Посмотрел я на Голубу…
Одна стая на весь лес, а младшая, Вукка, волчица черная, любит от стаи отбиться, побегать… Этой зимой стала хозяйкой лесною, а Лесьяр – младший брат ее… Чем же я ее обидел?... Да к чему платочек подарен был?
Опустился я на колени возле девицы. Зарычал волчок погромче, да я на него не смотрел.
- Прости меня, девица, ничего не помню я о тебе, и о встречах наших, - говорю тихо, - А коль простить не можешь, накажи справедливо… хозяйка лесная, - шепотом договариваю.
Успокоилась, затихла, разогнулась медленно. В глаза посмотрела мне внимательно, хмуро. Глазами от слез покрасневшими, печальными да тревожными.
Голуба
Зарычал братец громче, предупреждая. Заговорил рядом князь.
Застыла я, от слов его последних. Будто пером влажным между лопаток мазнули – вымело из меня всю печаль и обиду тревогой искренней, страхом негаданным.
Ох и дура же я! Выболтать все вот так вот запросто! Сколько люду слыхивало-то?!

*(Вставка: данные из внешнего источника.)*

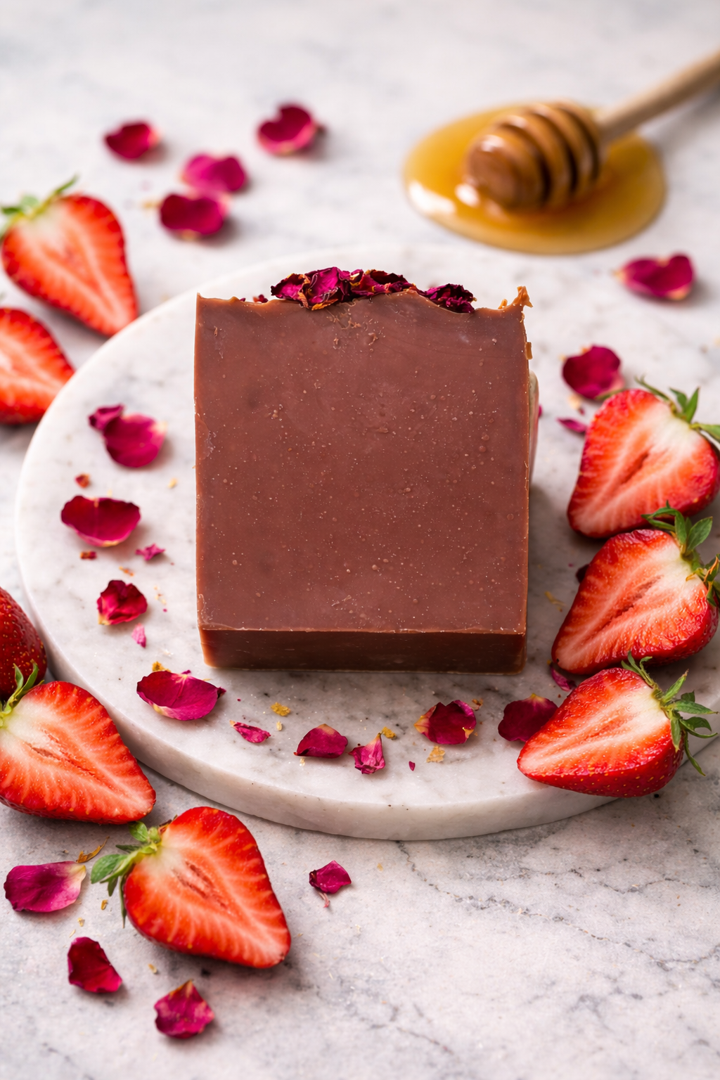 Ingredients: Olive Oil, Organic Coconut Oil, Avocado Oil, Shea Butter, Castor Oil, Distilled Water, Sodium Hydroxide (Lye), Phthalate-Free Fragrance Oil, Sodium Lactate, Mica, Dried Rose Petals.
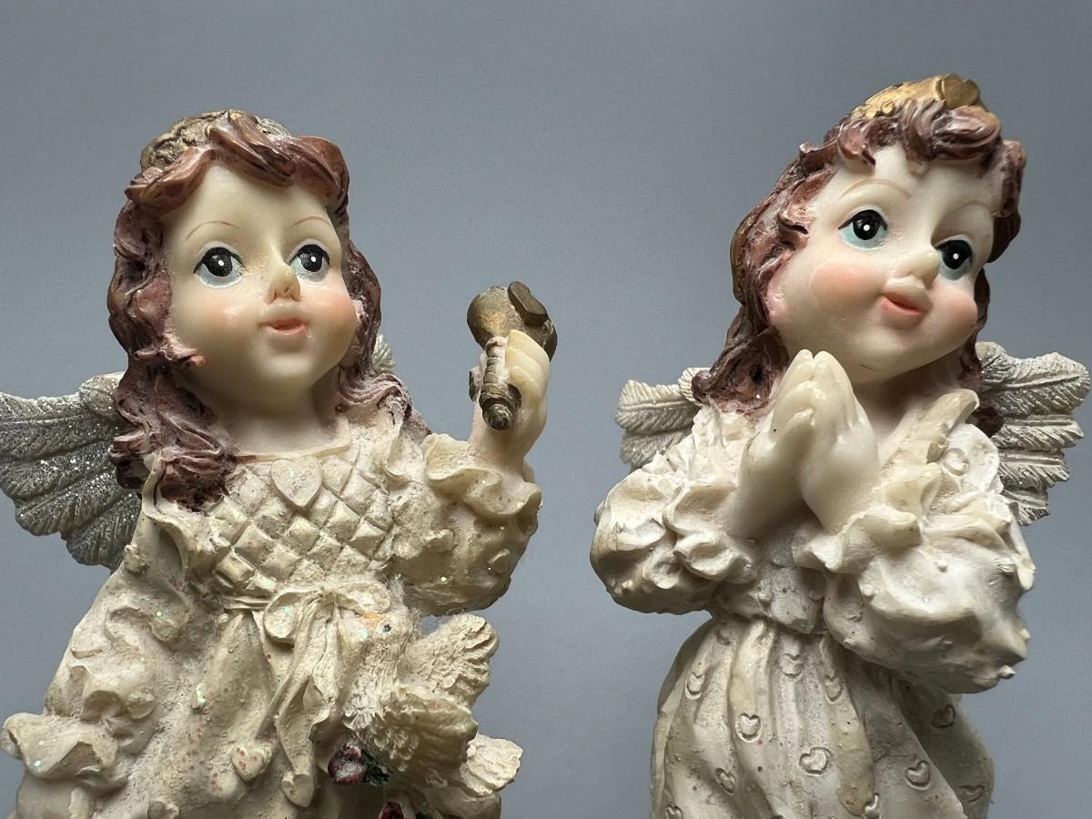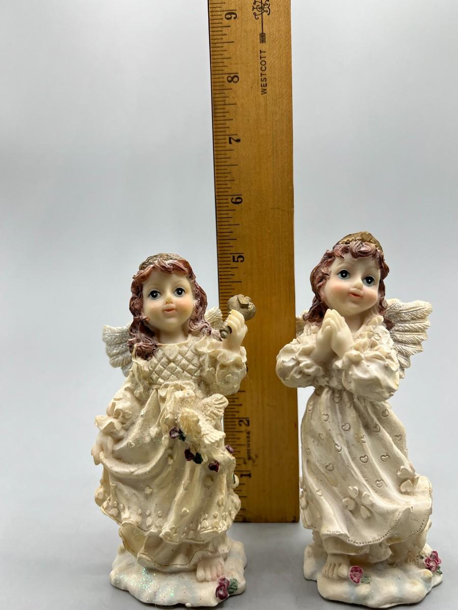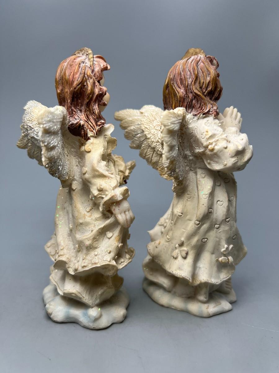Vintage Small Pair of Little Girl Glittery Angel Resin Figurines
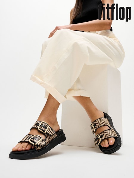 Negru - FitFlop Gen-FF Buckle Graphic Weave Two Bar Slides
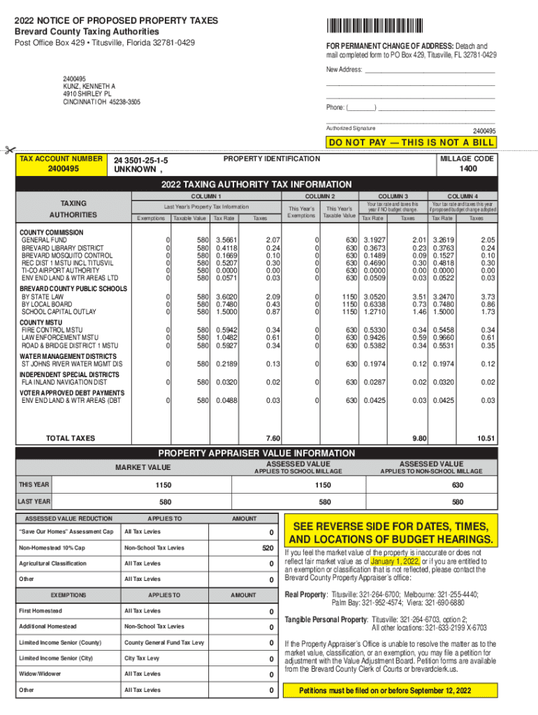 *2400495×2022 NOTICE OF PROPOSED PROPERTY TAXES Brevard County Taxing Authorities Post Office Box 429 Titusville, Florida 327810429FOR PERMANENT CHANGE OF ADDRESS: Detach and mail completed form
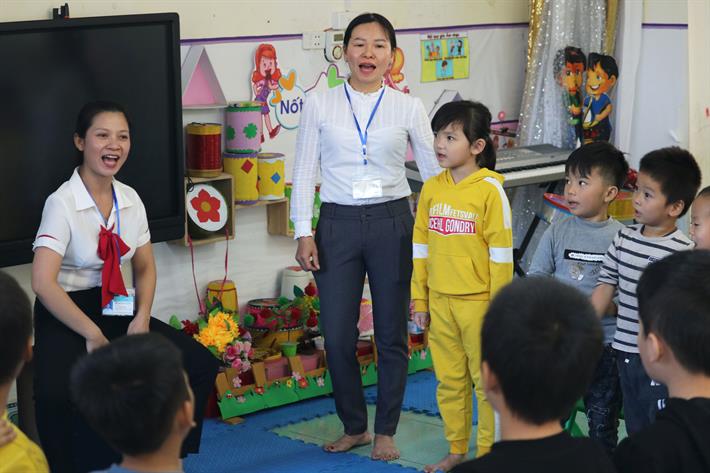 Chú trọng công tác bồi dưỡng đội ngũ, tăng cường tập huấn thực hành, bồi dưỡng phương pháp và kỹ năng tổ chức các hoạt động tăng cường tiếng Việt cho giáo viên. Chỉ đạo, sắp xếp đội ngũ giáo viên phù hợp, xen kẽ giáo viên người DTTS biết tiếng mẹ đẻ của trẻ và giáo viên người Kinh trong một nhóm lớp để tổ chức các hoạt động giáo dục đạt hiệu quả.
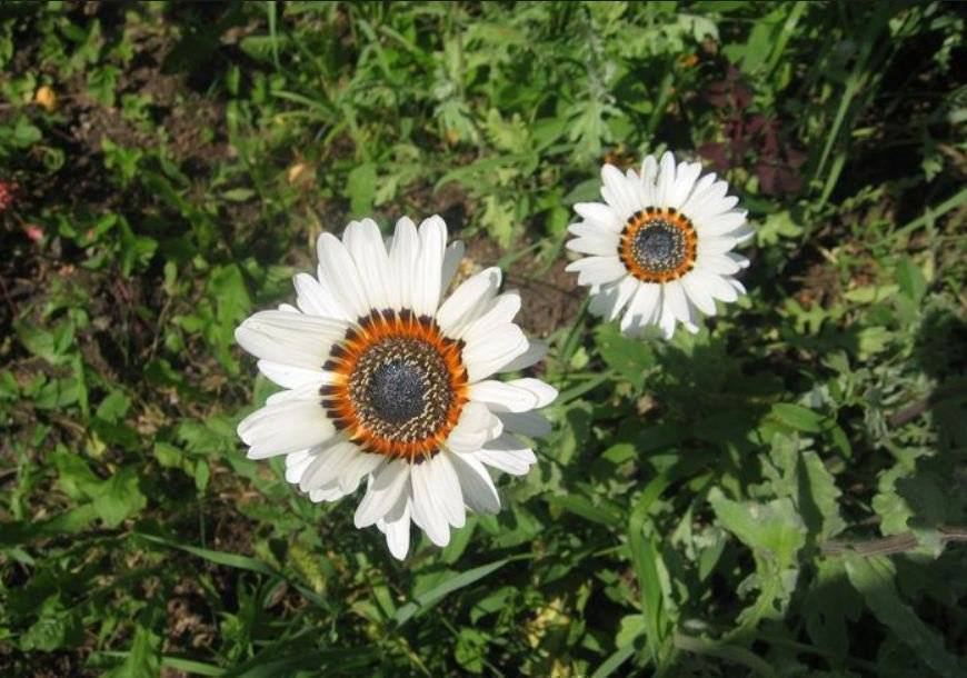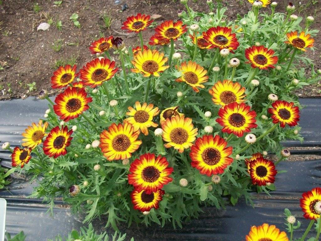 Но интереснее всего (по моему скромному мнению) высаживать килеватую хризантему рядом с космеей — из-за похожей формы цветов и листиков этих растений будет казаться, что на одном огромном пушистом кусте почему-то распустились разные по раскраске цветы. Единственное «но» такой посадки: если хризантема килеватая — однолетник, то космея — многолетник.
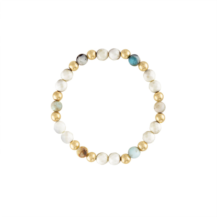 This stretch bracelet is handmade with 14K gold-filled 5mm beads, 6mm white bamboo coral stones, and 6mm amazonite stones. It is available in 6.5" or 7" lengths.
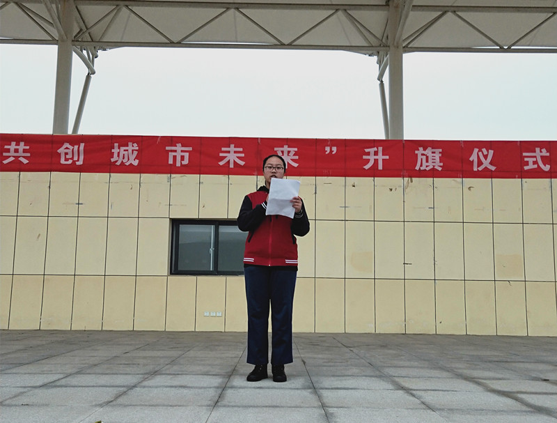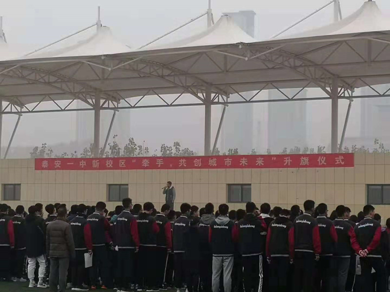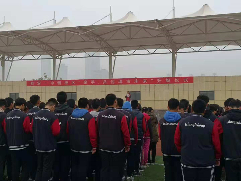 文明创建,你我有责——泰安一中新校区开展“牵手,共创城市未来”升旗仪式照片
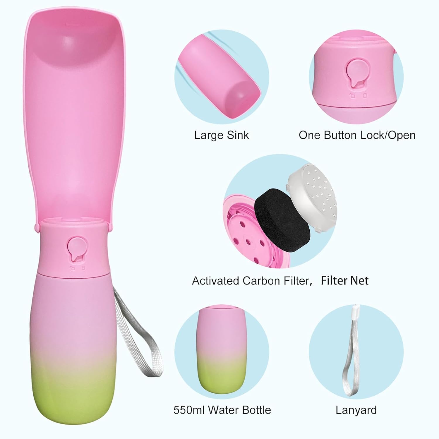 Dog Water Bottle Portable – Food Grade Material BPA Free, 19Oz Leak Proof Pet Water Bowl Dispenser, Travel Puppy Accessories for Outdoor Walking Camping, Dogs Birthday Gifts (Pink&Green)
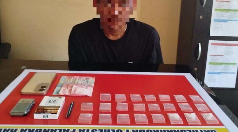 “Berawal dari laporan masyarakat, tim kami segera melakukan penyelidikan dan berhasil mengamankan terduga pelaku di teras Wisma Talentha. Saat dilakukan penggeledahan, ditemukan 16 paket diduga shabu yang disimpan di dalam bungkus rokok di dashboard motor pelaku,” ungkap Agung, Selasa (8/4/2025).
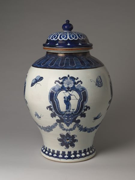 Editor: This gorgeous ceramic vase, dating from 1700 to 1750, is identified as Talavera Poblana, and resides here at the Art Institute of Chicago. I’m immediately struck by its repeating blue and white pattern, a delicate dance across its rounded form. What stories do you think this object whispers? Curator: It murmurs of cultural exchange and adaptation. Blue and white ceramics often evoke Ming Dynasty porcelain, a highly prized import that inspired potters worldwide. But notice how this piece transforms that inspiration. Editor: You mean, it’s not just a copy? How can you tell? Curator: The distinctive, slightly uneven application of the glaze and the more folksy rendering of the floral motifs within the geometric lattice suggests a localized interpretation, wouldn’t you agree? It's drawing from that collective memory of trade and status, but speaking with its own accent. Editor: It’s like a familiar song played with a new instrument! The form itself, with its stout handles, feels so sturdy, so grounded. What sort of emotions are these symbols trying to unlock? Curator: Precisely. Think about what a vase traditionally represents – holding, nurturing, display. Now imagine this particular vase displayed prominently. The intricate patterns act as a visual mantra, quietly broadcasting the owner's sophisticated taste and access to global currents. The feelings would be belonging and pride. Does that connect with your impressions? Editor: It definitely reframes it! I was initially caught up in the visual appeal, but hearing about the cultural influences has really deepened my understanding. Curator: Indeed, this vase holds both beauty and history within its ceramic embrace, speaking volumes about its place and time.
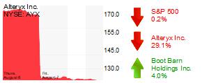 Shares of Alteryx Inc. (NYSE: AYX) sank 29% to $119.82, a day after the Irvine data analytics software maker warned of “significant headwinds” to the company’s business in the coming quarters. Alteryx had a recent market cap of $7.9 billion.
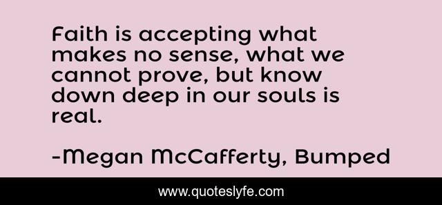 "Megan McCafferty, Bumped Quotes." Quoteslyfe.com, 2025. Sat. 06 Dec. 2025. <https://www.quoteslyfe.com/quote/Faith-is-accepting-what-makes-no-sense-25708>.

Разогнулась я медленно, продолжая волчка держать. Посмотрела князю в глаза.
- Много ли люда меня слыхало? – шепчу чуть слышно.
- Лишь я, - шепчет он так же, - И другим сказывать не буду.
Выдохнула я судорожно – легче мне стало. Братец рычать перестал, только смотрит подозрительно, недоверчиво, да скалится чуток.
- А веришь ли ты матушке моей, князь?
- Лишь на миг короткий верил, да на тебя посмотрел – и верить ей вовсе перестал.
Потеплело на сердце, успокоилось что-то.
- Но ответь мне, все же, девица, не в обиде ли ты за то, что забыл я все встречи наши? – спрашивает грустно, с тревогой.
- Видать нет, не в обиде… - отвечаю грустно, - Опоила тебя моя матушка, вот уж что по ней, как и клевета хитрая.
- Вот и славно, что не в обиде…
Улыбнулся князь светло, радостно – у меня дух перехватило, сердце замерло. Подал мне руку, помог подняться с земли.
- Станешь ли ты женой моей, княгиней нашей? – спрашивает громче уже, неотрывно в глаза мне глядя.
Князь Ян
Обрадовался я, что нет у нее обиды на меня. Поднял с земли, спросил, станет ли она женой моей да княгиней?
Глаза ее сияли, да будто потускнело то сияние. Отвела она взгляд.
- Почему, Голуба?
- Прости, княже. Не могу я нынче замуж за тебя идти, - отвечает, - Как вспомнишь то, что забыл… сам решишь.
- Голуба?
- Я ждать буду… - говорит тихо, торопливо, руку мне сжимая, - Ты же найди способ вспомнить и тогда возвращайся, коль захочешь. Я дождусь тебя. А пока – уходи. Таково мое слово хозяйки.
- Голуба!
Губы тонкие сжала, отстранилась торопливо, отвернулась. Повела вокруг взглядом, да ринулась сквозь толпу, та и ее и волчка пропустила легко, да и сызнова сомкнулась.
Замер я, голову склонив. Неужто я ей лихо какое сделал? Или увидал-узнал о ней то, чего она сказывать не хотела? Что же так голова болит, еще и люди вокруг расшумелись…
- Слова хозяев леса – закон леса! – говорит громко мужик из деревенских, - Матушка Радимира, скажите слово свое. Просим!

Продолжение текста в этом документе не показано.